Bylsma implored two defenders to stay above McDavid at all times, in an effort to prevent him from accelerating. It worked.

Because McDavid likes to lead the rush from the top of the defensive circle and carry the play all the way to the enemy’s crease, opposing teams have now started trying to stuff him early, in his own zone, before he jostles into fourth gear. What’s easier: slashing the tires of race car 10 feet from the start line or 10 feet from the finish line?

Try to nip him at the top of the circle, and McDavid will start his curl even lower, at the bottom of his own circle. Slower defenceman believe it’s critical that defending forwards angle McDavid along the wall ASAP. If he gets any momentum down the gut, he’ll blow by the Brooks Orpiks and Martin Marincins of the world like they’re waiting for the wrong bus.

Babcock’s strategy, however, was more psychological, and wholly dependent on home ice and the advantage of having the last change — sicking Kadri on McDavid every shift.

“You have to play with pace [and] not give him as much time and space as he would like,” said Kadri. “He’s a guy that can embarrass you if you’re not ready.”

Oilers coach Todd McLellan countered by double-shifting McDavid to the tune of 22:46, his third-busiest NHL game to date.

“We’re on the road, and they get the match they want, so it makes it harder for the opposition to figure out what’s going on, [and it] keeps our bench on our toes and engaged, because you never know who’s going,” Oilers coach Todd McLellan explains.

“He’s got great legs. Why not use them?”

Three times in his rookie year McDavid skated more than 22 minutes.
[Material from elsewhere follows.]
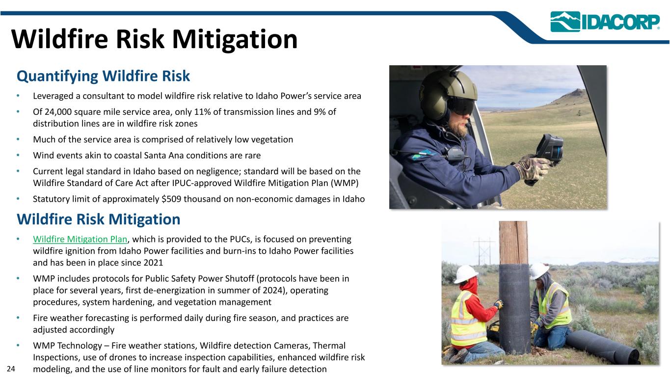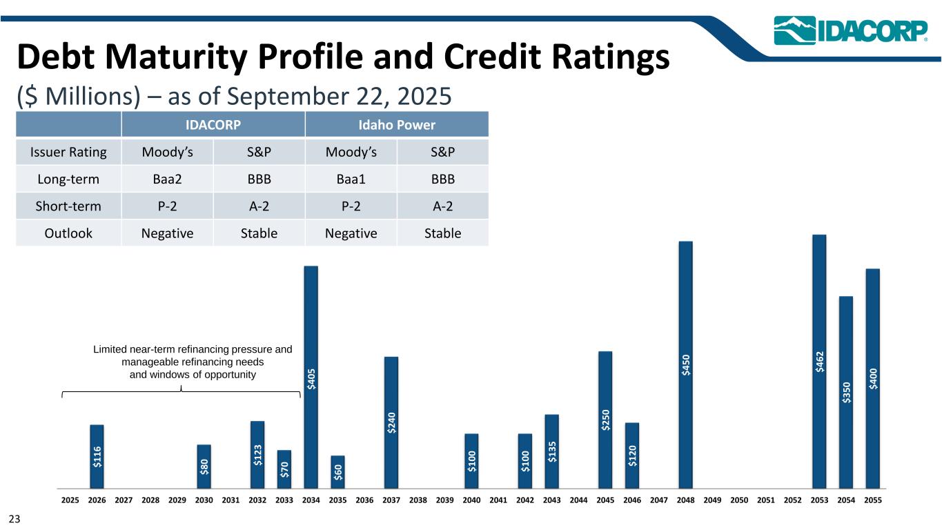 债务到期状况和信用评级(百万美元)–截至9月22日,2025 $ 116 $ 80 $ 123 $ 70 $ 405 $ 60 $ 240 $ 100 $ 100 $ 100 $ 135 $ 250 $ 120 $ 450 $ 462 $ 350 $ 4002025202620272028202920302031203220332034203520362037203820392040204120422043204420452046204720482049205020512052205320542055近期再融资压力有限以及可控的再融资需求和机会窗口IDACORP Idaho Power发行人评级穆迪标普Moody'sTERM1长期 Baa2 BBB Baa1 BBB短期P-2 A-2 P-2 A-2展望负面稳定负面稳定23

That’s already happened five times this season, and with the Oilers still on the road, we expect to see more long nights for 97. McDavid ranked 47th in average ice time (18:53) last season; this year he’s sixth (21:29) with a bullet.

McLellan and McDavid each say the captain, used on both special teams, is capable of playing high minutes.
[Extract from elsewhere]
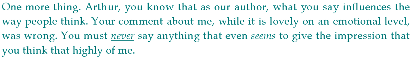 Robbie whispered to Dommi, she nodded and he spoke up. “I’ll ask the Unation to keep quiet about this for a month or two so that we have time to consider how we present this to the Normals. I have a feeling that hearing we have one more advantage over them will not sit well with most of them.”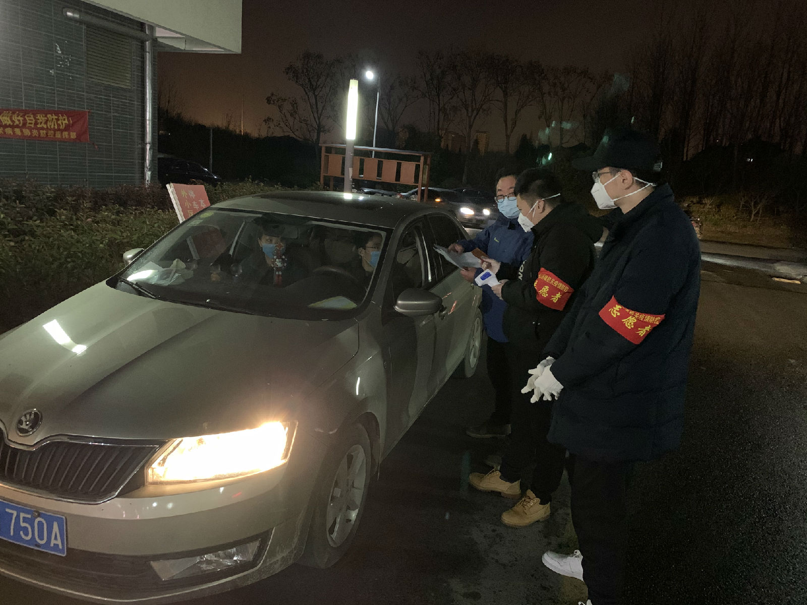 (對(duì)出入小區(qū)的車輛進(jìn)行人員體溫監(jiān)測(cè)和信息核實(shí)) |

“As we play on the road and teams get the matches they want, we have to disrupt that,” McLellan says. “It’s early in the season. He’s fresh. He’s got a lot of energy, and we have the ability to use him in many different scenarios.”

We asked McDavid if he felt tired after the Toronto loss.

“No,” he asserted. “If you keep your shifts short, I feel like I’m in pretty good shape. I can do that. It is what it is.”

Babcock’s not convinced. The coach said post-game that Kadri was “fresher.”

“You jam a guy out there every shift and three in a row, stuff like that, hard to have the same pop,” said Babcock, a seemingly passive-aggressive swipe at McLellan’s deployment.

“I never expected the guy to play that much. He’s a good player and all that, but so is [Ryan] Nugent-Hopkins.”

Kadri says the relentless harassment approach is effective.

“It makes for a long night and takes a toll on the body for sure,” Kardi said. “Certainly 22 or 23 minutes for a forward is something that can be tough to sustain, especially for 82 games.”

We’re eager to watch McDavid’s minutes the rest of this nasty road trip, which picks up against the Rangers Thursday and later to a circle-the-date match in Pittsburgh Tuesday. (Does Alain Vigneault task Kevin Hayes with a Kadri-like challenge?)

It’s telling that McDavid’s reduced effectiveness on the road is following in steps of other elite forwards. Wayne Gretzky (1.74 to 1.39)*, Mario Lemieux (2.09 to 1.83)*, and Sidney Crosby (1.46 to 1.20) all saw a significant drop-off in production when opponents held last change.

We’re curious to see if others coaches in this copycat league crib from Babcock’s playbook. Do they have a guy, like Kadri, with first-line ambitions and third-line flexibility? More important: What about the West? Is a guy like Anaheim’s Ryan Kesler, arguably the game best shutdown man, fleet enough for the task?

McDavid is averaging 1.13 points per game at home and 1.04 on the road — a gap narrower than that of his hockey-god predecessors.

We bet that gap will widen as Operation: Corral Connor intensifies. Babcock and Kadri have given the league a handy starting point — and McDavid has been given a compelling new challenge.

*Gretzky and Lemieux’s home/away point splits are only tracked back to 1987-88 but still provide a sample size of 13 seasons minimum.